--- How to complete this task ---
Would you print the records below from the first line through the line containing "Technologie weiterentwickelt –", skipping the pictures?

[[ Extracted data, beginning ]]

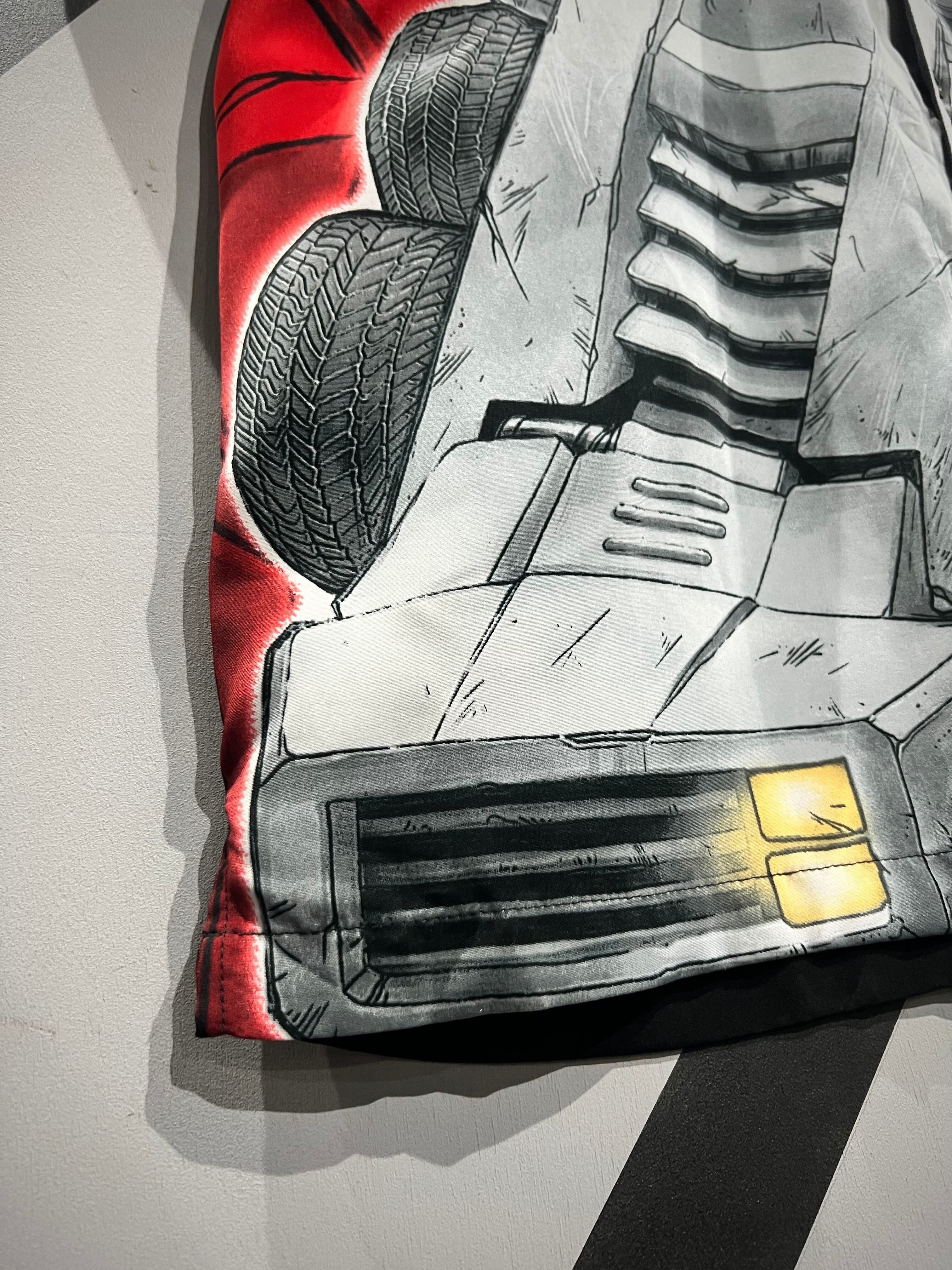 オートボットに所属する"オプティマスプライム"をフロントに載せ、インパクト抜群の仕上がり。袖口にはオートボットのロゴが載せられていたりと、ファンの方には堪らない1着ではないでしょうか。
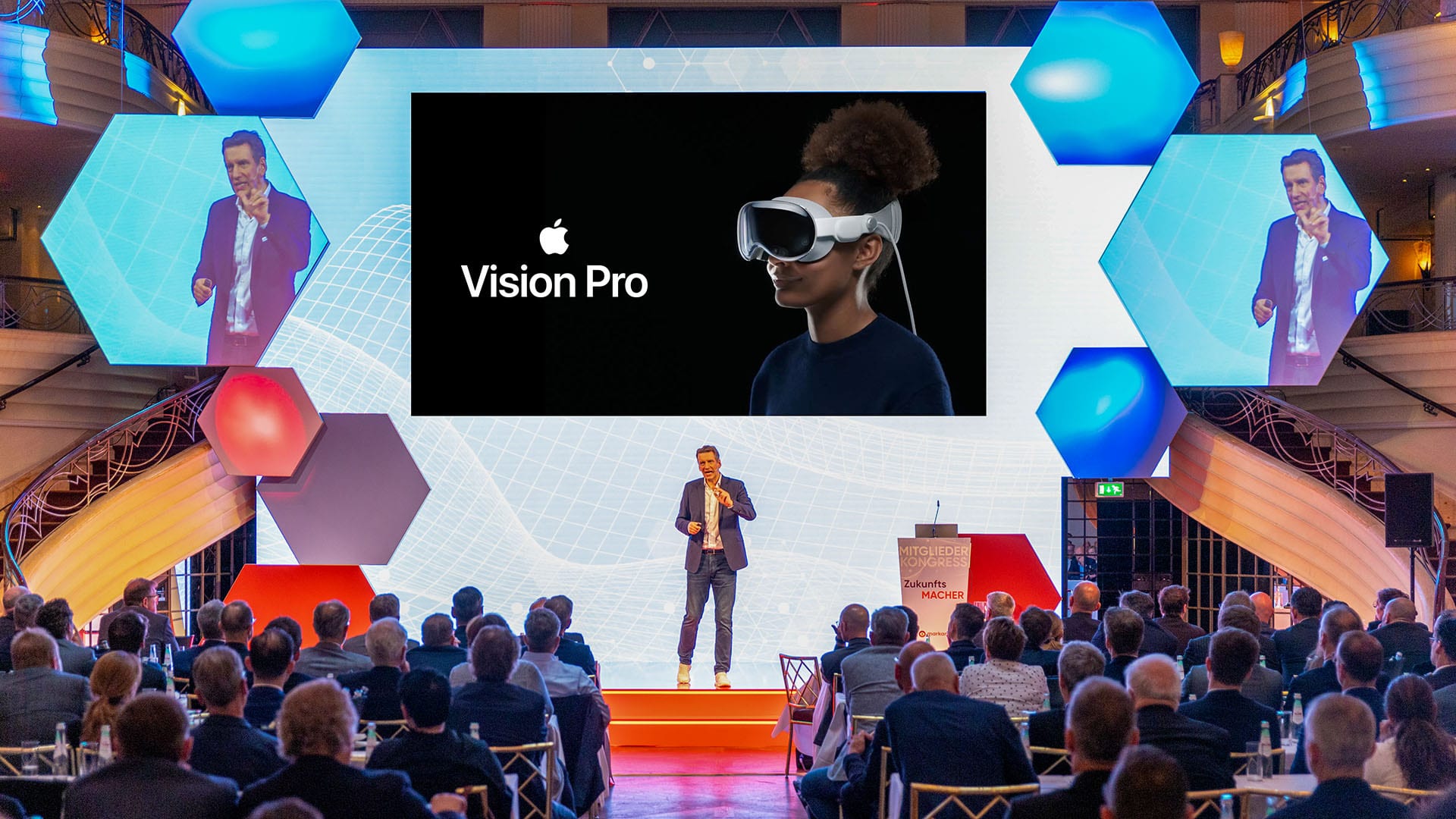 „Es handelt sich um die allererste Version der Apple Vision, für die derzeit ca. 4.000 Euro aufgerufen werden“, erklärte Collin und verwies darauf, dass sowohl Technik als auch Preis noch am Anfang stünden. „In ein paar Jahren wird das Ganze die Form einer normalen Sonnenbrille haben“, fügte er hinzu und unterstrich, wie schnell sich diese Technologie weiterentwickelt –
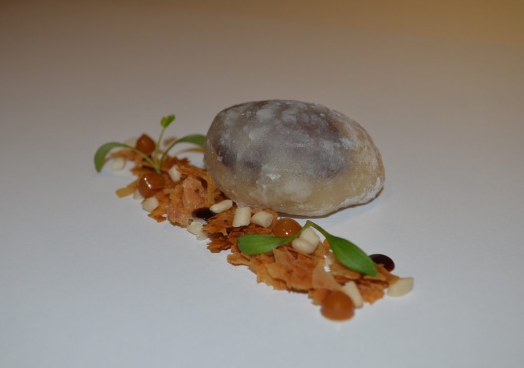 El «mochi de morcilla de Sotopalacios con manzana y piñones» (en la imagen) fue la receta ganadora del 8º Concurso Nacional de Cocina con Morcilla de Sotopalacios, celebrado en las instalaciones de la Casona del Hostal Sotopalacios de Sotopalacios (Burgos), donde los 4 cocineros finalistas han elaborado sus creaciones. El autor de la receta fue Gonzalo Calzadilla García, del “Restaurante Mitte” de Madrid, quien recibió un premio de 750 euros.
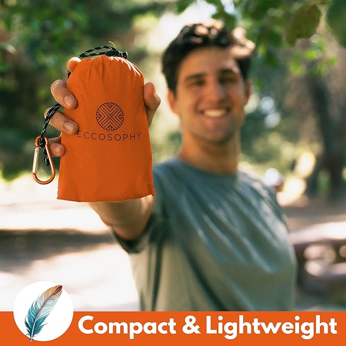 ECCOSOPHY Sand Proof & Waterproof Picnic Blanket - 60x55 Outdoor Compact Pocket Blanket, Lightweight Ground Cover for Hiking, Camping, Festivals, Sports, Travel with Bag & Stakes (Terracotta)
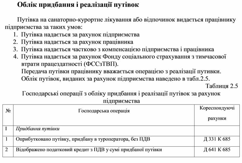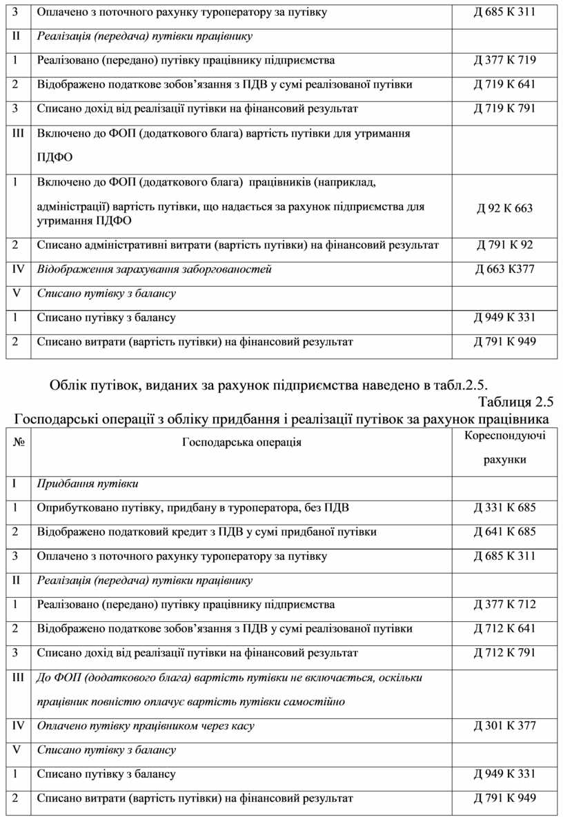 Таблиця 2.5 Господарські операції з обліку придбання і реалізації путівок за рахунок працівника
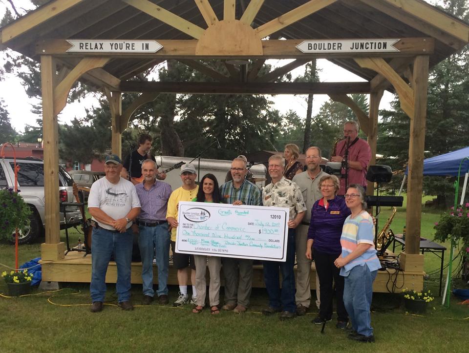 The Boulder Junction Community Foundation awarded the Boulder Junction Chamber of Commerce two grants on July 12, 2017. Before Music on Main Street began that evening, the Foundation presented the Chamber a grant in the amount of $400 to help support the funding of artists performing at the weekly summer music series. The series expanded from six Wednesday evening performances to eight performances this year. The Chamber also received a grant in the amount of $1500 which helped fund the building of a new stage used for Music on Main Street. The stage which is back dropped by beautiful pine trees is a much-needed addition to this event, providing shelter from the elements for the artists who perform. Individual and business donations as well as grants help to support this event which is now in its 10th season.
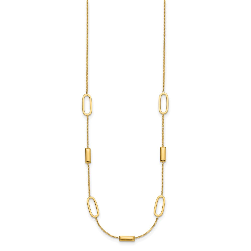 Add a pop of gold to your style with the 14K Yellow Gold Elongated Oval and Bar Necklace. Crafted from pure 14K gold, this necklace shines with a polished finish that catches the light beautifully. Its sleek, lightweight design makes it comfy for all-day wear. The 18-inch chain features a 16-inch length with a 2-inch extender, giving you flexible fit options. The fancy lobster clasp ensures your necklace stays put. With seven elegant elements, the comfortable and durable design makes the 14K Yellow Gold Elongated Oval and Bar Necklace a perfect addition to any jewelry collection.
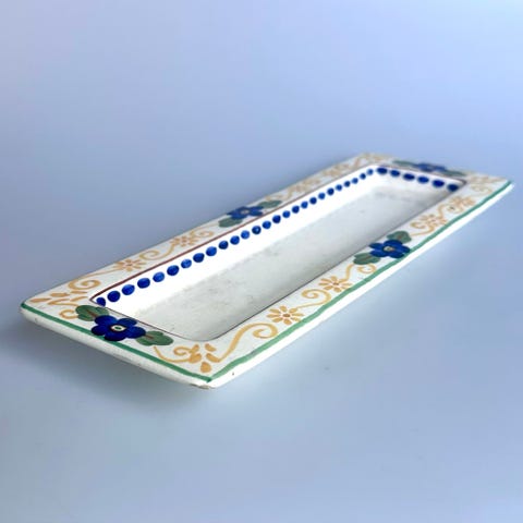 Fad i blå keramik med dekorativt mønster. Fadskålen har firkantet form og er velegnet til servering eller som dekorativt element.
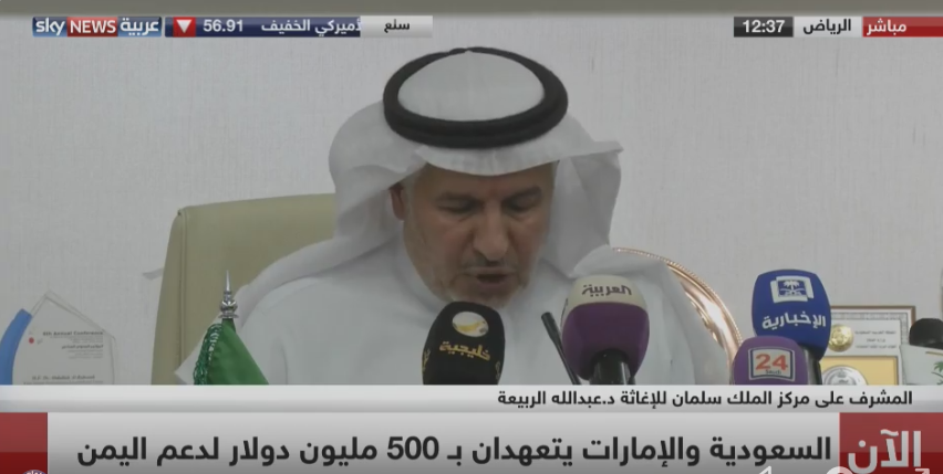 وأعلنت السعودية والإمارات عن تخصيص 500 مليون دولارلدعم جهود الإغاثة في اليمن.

[[ Extracted data, end ]]

--- Answer to the problem ---
 オートボットに所属する"オプティマスプライム"をフロントに載せ、インパクト抜群の仕上がり。袖口にはオートボットのロゴが載せられていたりと、ファンの方には堪らない1着ではないでしょうか。
 „Es handelt sich um die allererste Version der Apple Vision, für die derzeit ca. 4.000 Euro aufgerufen werden“, erklärte Collin und verwies darauf, dass sowohl Technik als auch Preis noch am Anfang stünden. „In ein paar Jahren wird das Ganze die Form einer normalen Sonnenbrille haben“, fügte er hinzu und unterstrich, wie schnell sich diese Technologie weiterentwickelt –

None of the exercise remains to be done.